* [Problem] All lines from the beginning of the listing through the line with "Mocht een medewerker" are to be copied word for word; the pictures are not.

* [Task input]
== Segment start ==

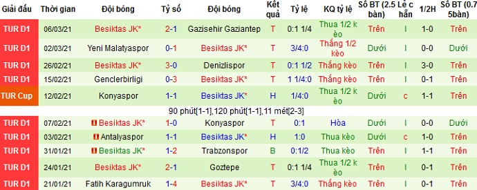 + Thống kê 10 trận gần nhất của Besiktas
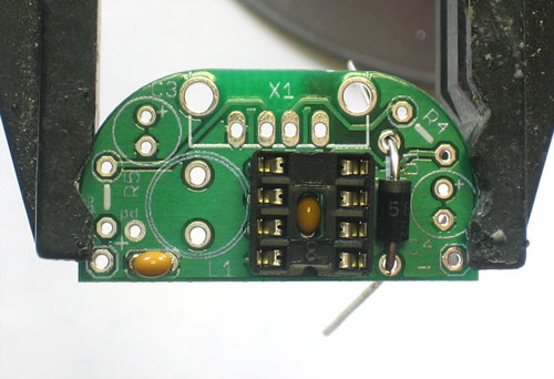 Next is the IC socket. This protects the chip and allows you to replace it if there are any problems. The socket goes over the ceramic capacitor but the capacitor should not interfere as long as it was soldered in properly. Make sure you solder the socket in so that the notch in the edge of the socket matches up with the notch in the silkscreen image of the socket. In this image its near the bottom. If you mess this up, dont try to desolder the socket, instead just keep going and remember that it is upside down later when its time to install the chip |
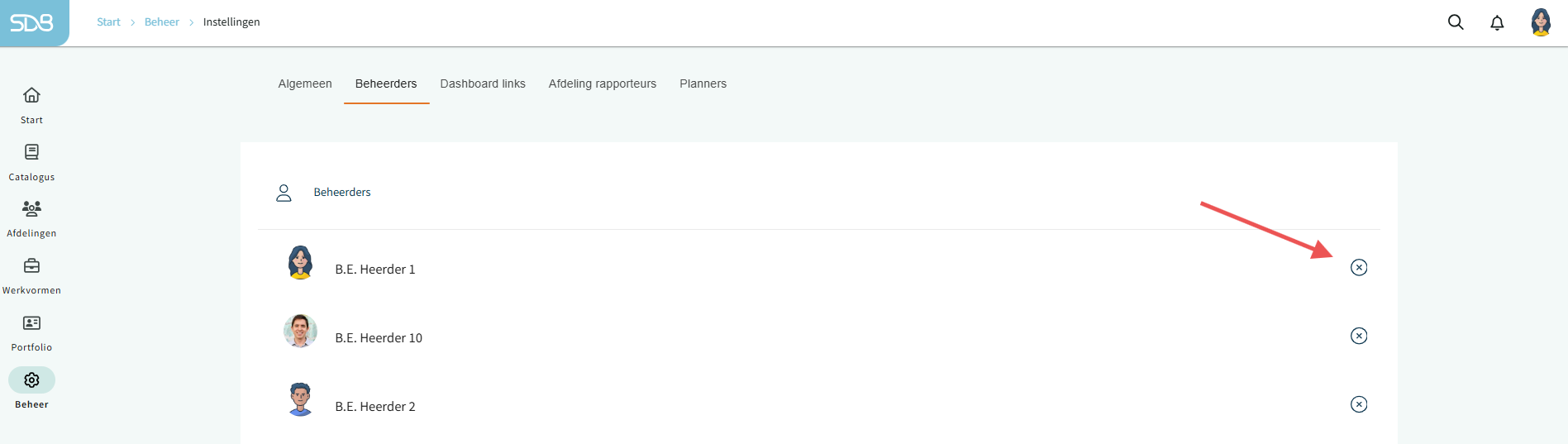 Mocht een medewerker uit dienst gaan of om wat voor reden dan ook de rol van beheerder niet meer nodig hebben, dan kun je die gebruiker weer uit de lijst verwijderen door op het kruisje achter de naam te klikken.
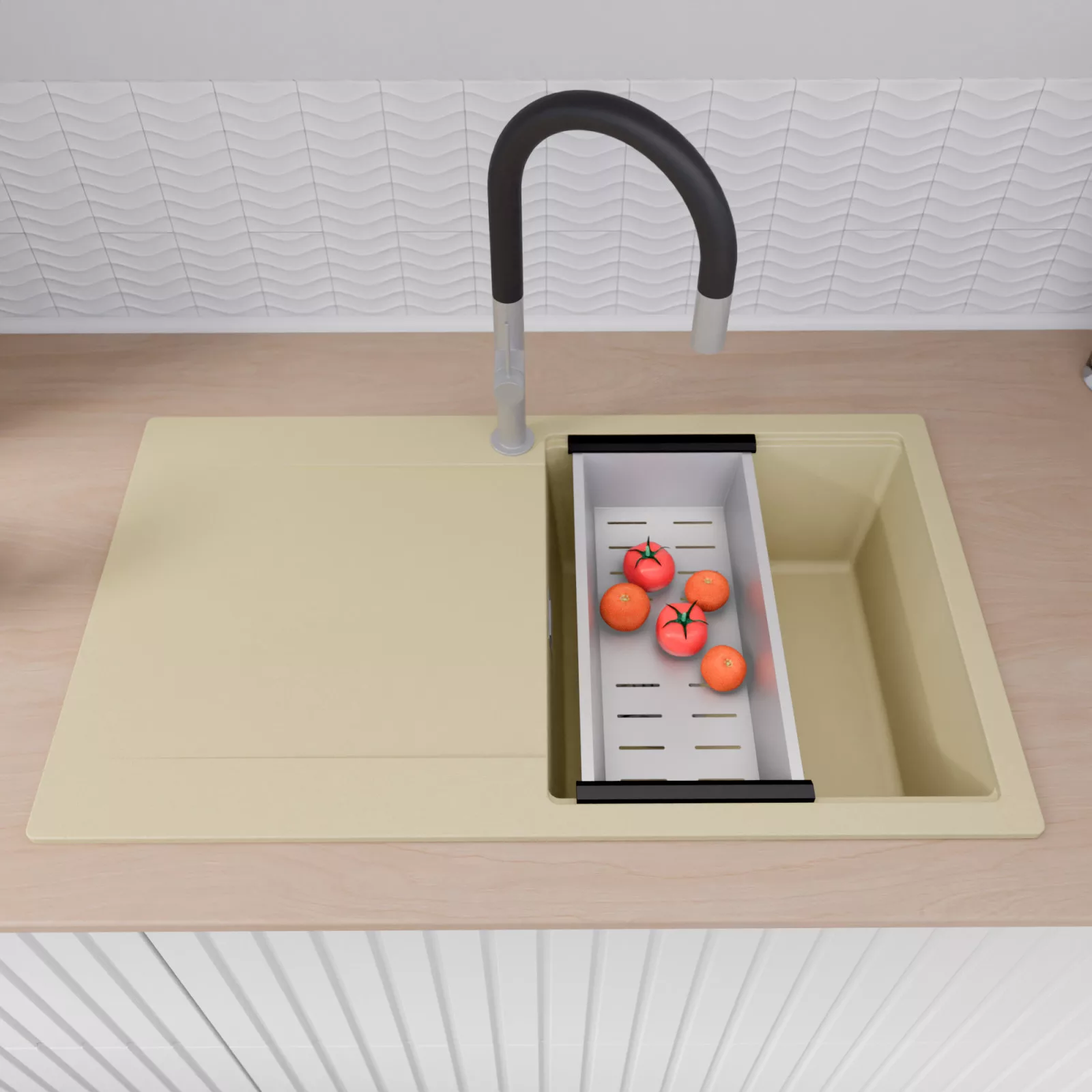Mosogatónk magas természetes kőőrlemény-tartalmú gránit kompozitból készül, amely rendkívüli stabilitást és tartósságot biztosít. Az anyag ellenáll a magas hőmérsékletnek, a hirtelen hőingadozásoknak, valamint az ütéseknek és karcolásoknak is. Sima, zárt felülete könnyen tisztán tartható, ellenáll a foltosodásnak és az elszíneződéseknek, így hosszú éveken át megőrzi esztétikus megjelenését. Meggyőződésünk, hogy ezzel a gránit mosogatóval a mindennapi konyhai teendők kényelmesebbé és élvezetesebbé válnak.
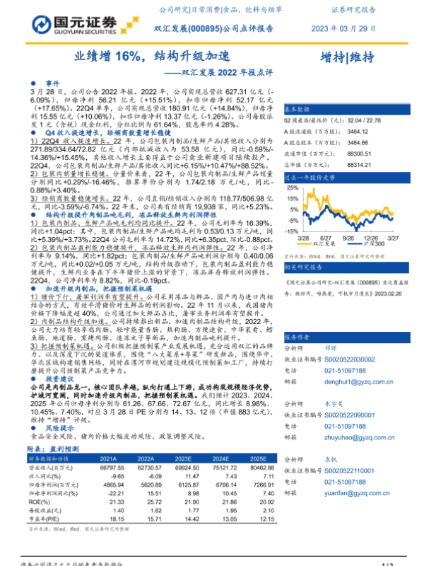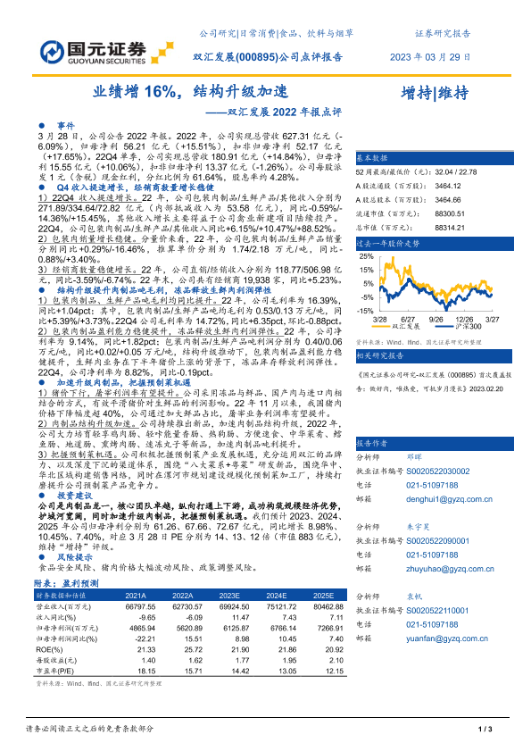 【国元证券】【20230329】双汇发展2022年报点评_业绩增16_结构升级加速-3页
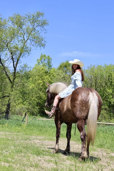 ONLINE AUCTION Place your bids at www.PlatinumEquineAuction.com Starting Bid $3500 Auction ends July 14th, 2024 Need a new saddle? Check out White Rock Saddles on our website or Facebook! If a horse could walk out of a fairy tale into your barn this would be her. She is every bit as magical in person. I’m proud to introduce you to Birdie. This draftcross girl stands 16.3 at 4 years old. She has a beautiful blonde mane and flowing tail which compliment her silver dappled coat. Birdie has excellent conformation. She is well muscled with great bone structure and solid hooves. She is so stunning you could sit and look at her all day! Birdie has the most enthusiastic personality you will find in a horse. She is ALWAYS willing to please. She has a lot of liberty training. Birdie knows how to sit, lay down, and say yes and no. Under-saddle this girl is just about effortless to ride. She has quiet walk, a beautiful trot and the best canter you will sit on. She comes equipped with amazing transitions, both upward and downward, and her brakes are good. She carries herself with a great deal of cadence and class. She has been trail and road ridden, and she will go any where you ask with no silly business. Good luck spooking her! She’s as cool as they come in just about any situation. In addition to her liberty work, Birdie has some very cool buttons. She can canter from a halt, leg yield, side pass, back up, move on and off of seat and leg pressure. Birdie has been playing around with 1st level dressage movements, such as shoulder in, haunches in, extension and collection in all of her gaits. Birdie has been very lightly started over fences. She has been on several hunter paces and has spent many hours out on the trails! This is the most beautiful girl in town. Please call or text Ellesse Schwartz at 248-390-6831 for more information. Birdie lives in Howell, MI 48855. ONLINE AUCTION Place your bids at www.PlatinumEquineAuction.com Starting Bid $3500 Auction ends July 14th, 2024 Need a new saddle? Check out White Rock Saddles on our website or Facebook!

== Segment end ==

* [Result for this exercise]
 + Thống kê 10 trận gần nhất của Besiktas
 Next is the IC socket. This protects the chip and allows you to replace it if there are any problems. The socket goes over the ceramic capacitor but the capacitor should not interfere as long as it was soldered in properly. Make sure you solder the socket in so that the notch in the edge of the socket matches up with the notch in the silkscreen image of the socket. In this image its near the bottom. If you mess this up, dont try to desolder the socket, instead just keep going and remember that it is upside down later when its time to install the chip |
 Mocht een medewerker uit dienst gaan of om wat voor reden dan ook de rol van beheerder niet meer nodig hebben, dan kun je die gebruiker weer uit de lijst verwijderen door op het kruisje achter de naam te klikken.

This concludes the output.